WHAT YOU HAVE TO DO: All lines at and after the one containing "Spør man hva", up to the end of the listing below, are to be printed exactly, with the pictures omitted.

RECORDS FOR THIS TASK:
◆ ◆ ◆ ◆

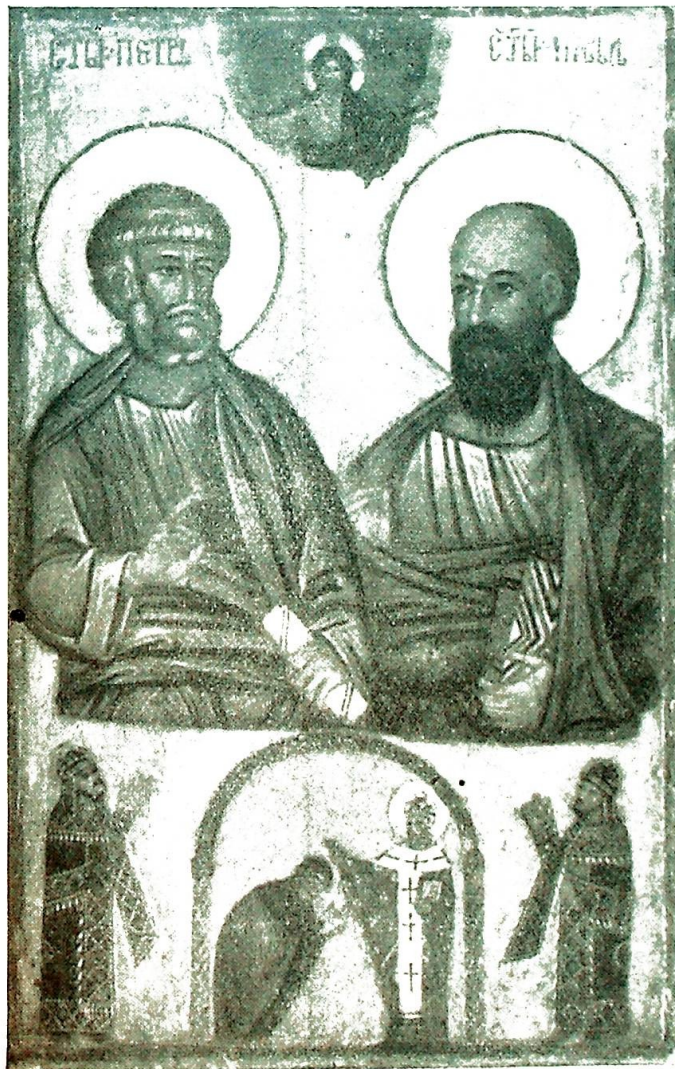
Peter og Paul — i kirkens lysende skikkelser i «Una Sancta». — Den ene hellige (kirke).

Spør man hva og hvor Kirken er, så er det altså ikke nok å si at Kirken er der hvor Ordet blir forkynt og mottatt med tro, og hvor sakramentene forvaltes riktig. Kirken, det er Kristus som lever sitt liv i menneskeslekten, eller: Kirken, det er hele menneskeslekten for så vidt den lever i Kristus. For det finnes mennesker nok i den vide verden som aldri har hørt Ordets forkynnelse eller mottatt sakramentene. Allikevel kan de ved Guds nåde bli tatt opp i Kristus som Guds barn. Også de salige i himmelen er lemmer på Kristi Legeme. De hverken trenger Ordets forkynnelse eller sakramentene, og deres tro er blitt forvandlet til det himmelske klarsyn. Allikevel er deres liv et fellesskap med Kristus og med alle kristne på jorden og i skjærsilden.
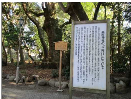
6346 高座神社の「子預け虫封じ」
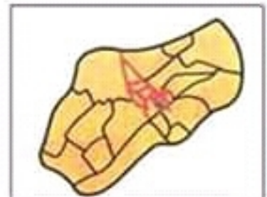
التصميم غير الهندسي
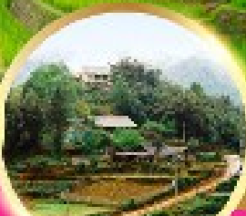
หมู่บ้านก๊อตก๊ต

◆ ◆ ◆ ◆

EXERCISE RESPONSE:
Spør man hva og hvor Kirken er, så er det altså ikke nok å si at Kirken er der hvor Ordet blir forkynt og mottatt med tro, og hvor sakramentene forvaltes riktig. Kirken, det er Kristus som lever sitt liv i menneskeslekten, eller: Kirken, det er hele menneskeslekten for så vidt den lever i Kristus. For det finnes mennesker nok i den vide verden som aldri har hørt Ordets forkynnelse eller mottatt sakramentene. Allikevel kan de ved Guds nåde bli tatt opp i Kristus som Guds barn. Også de salige i himmelen er lemmer på Kristi Legeme. De hverken trenger Ordets forkynnelse eller sakramentene, og deres tro er blitt forvandlet til det himmelske klarsyn. Allikevel er deres liv et fellesskap med Kristus og med alle kristne på jorden og i skjærsilden.
6346 高座神社の「子預け虫封じ」
التصميم غير الهندسي
หมู่บ้านก๊อตก๊ต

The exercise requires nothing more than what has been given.